Transcribe the following entries word for word; no picture is to appear in the copy.

--- DATA FOR REVIEW Enclosed Below ---

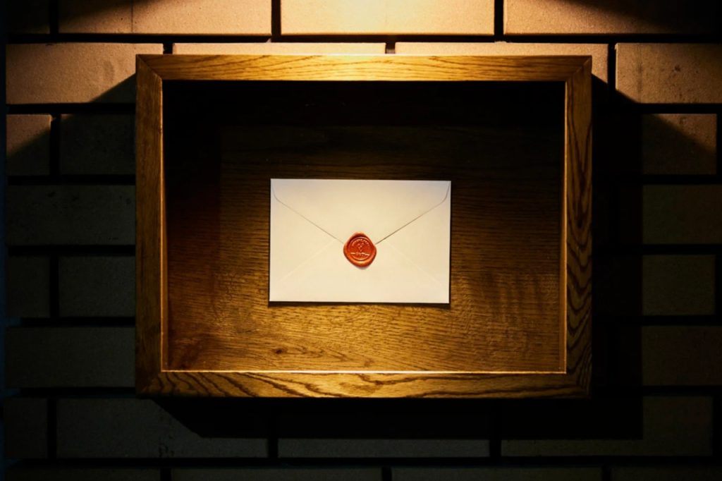 書き終わった手紙は好きな色のシーリングスタンプ(封蝋)で封をし、店内に設置されたポストへ投函。一年後、封筒に記載した住所へ送られます。
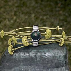 Изумрудный оттенок зеленого циферблата гармонично дополняет теплый металлический блеск инновационной плазменной керамики, которая отличается легкостью и устойчивостью к появлению царапин. Часы оснащены сапфировым стеклом с антибликовым покрытием.\
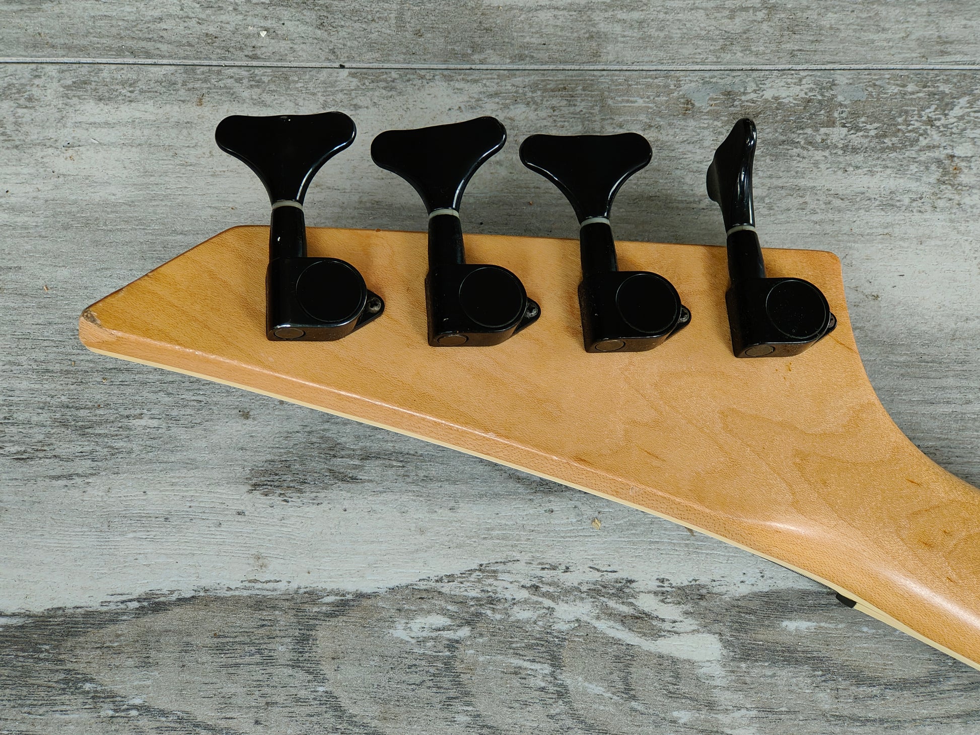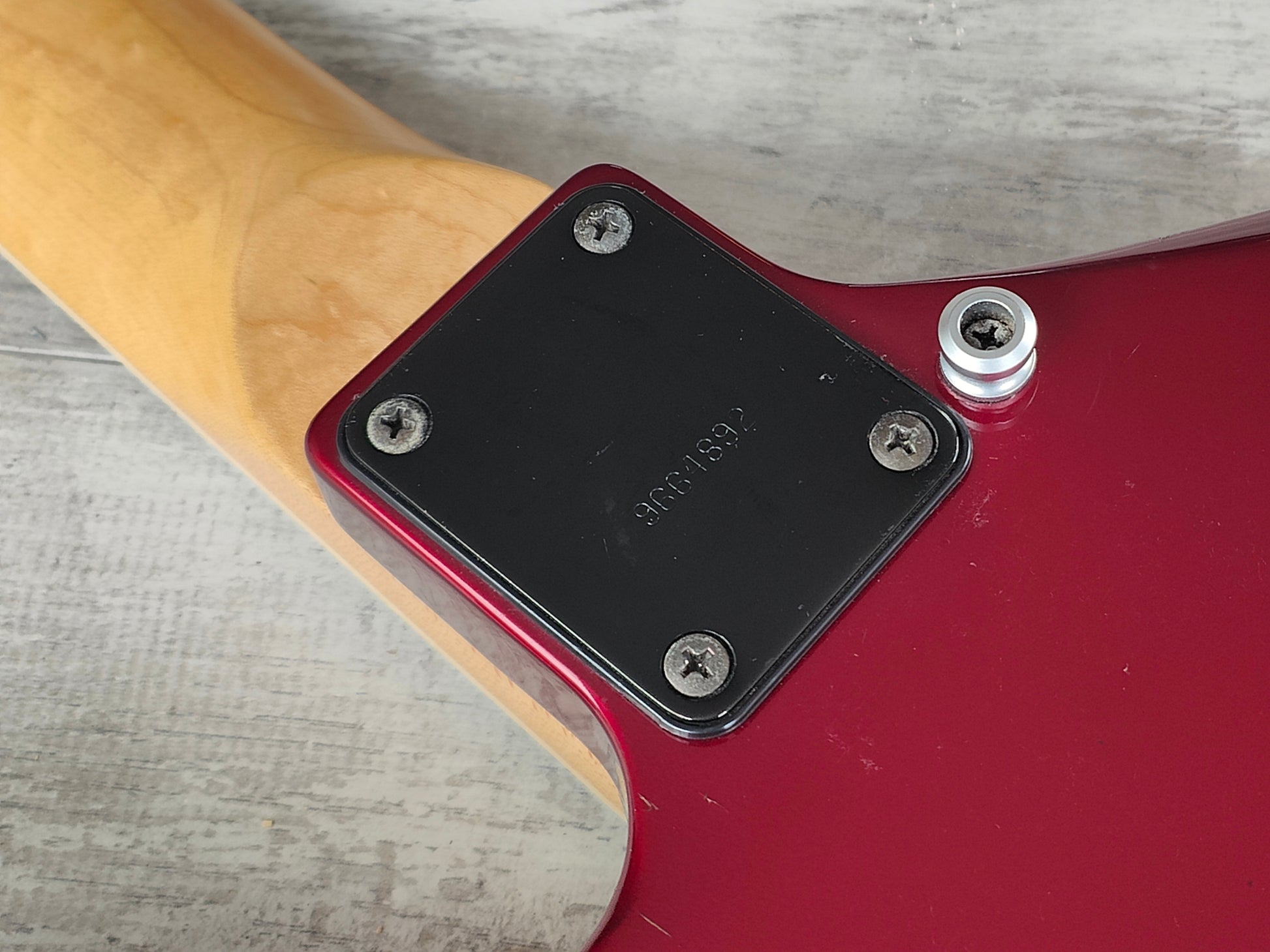 Made in Japan by Jackson in 1996, this is a very rare Japanese market "Kelly Star" bass model sold only to the Japanese market. Looks to be a poplar body with a Candy Apple Red finish bolted to a rock maple neck, 24 fret bound rosewood fingerboard (34" scale length), it weighs just over 3.4kg's. Loaded with a pair of active Jackson branded pickups controlled by independent volume controls and a master tone along with a killswitch mini toggle.
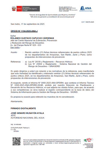 Mediante el Oficio N° 1110-2025-ANA-J, la Autoridad Nacional del Agua remite dos (05) fichas técnicas referenciales de puntos críticos 2025 de los departamentos de Piura, Lima y Pasco como propuestas de intervenciones de prevención.
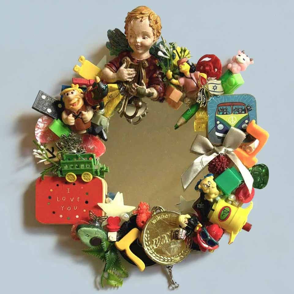 המראה מוכנה כשמסביבה המוני צעצועים מודבקים בצפיפות ומכסים את פני משטח העץ.

--- End of Enclosed DATA FOR REVIEW ---

_OUTPUT BELOW_.
 書き終わった手紙は好きな色のシーリングスタンプ(封蝋)で封をし、店内に設置されたポストへ投函。一年後、封筒に記載した住所へ送られます。
 Изумрудный оттенок зеленого циферблата гармонично дополняет теплый металлический блеск инновационной плазменной керамики, которая отличается легкостью и устойчивостью к появлению царапин. Часы оснащены сапфировым стеклом с антибликовым покрытием.\
 Made in Japan by Jackson in 1996, this is a very rare Japanese market "Kelly Star" bass model sold only to the Japanese market. Looks to be a poplar body with a Candy Apple Red finish bolted to a rock maple neck, 24 fret bound rosewood fingerboard (34" scale length), it weighs just over 3.4kg's. Loaded with a pair of active Jackson branded pickups controlled by independent volume controls and a master tone along with a killswitch mini toggle.
 Mediante el Oficio N° 1110-2025-ANA-J, la Autoridad Nacional del Agua remite dos (05) fichas técnicas referenciales de puntos críticos 2025 de los departamentos de Piura, Lima y Pasco como propuestas de intervenciones de prevención.
 המראה מוכנה כשמסביבה המוני צעצועים מודבקים בצפיפות ומכסים את פני משטח העץ.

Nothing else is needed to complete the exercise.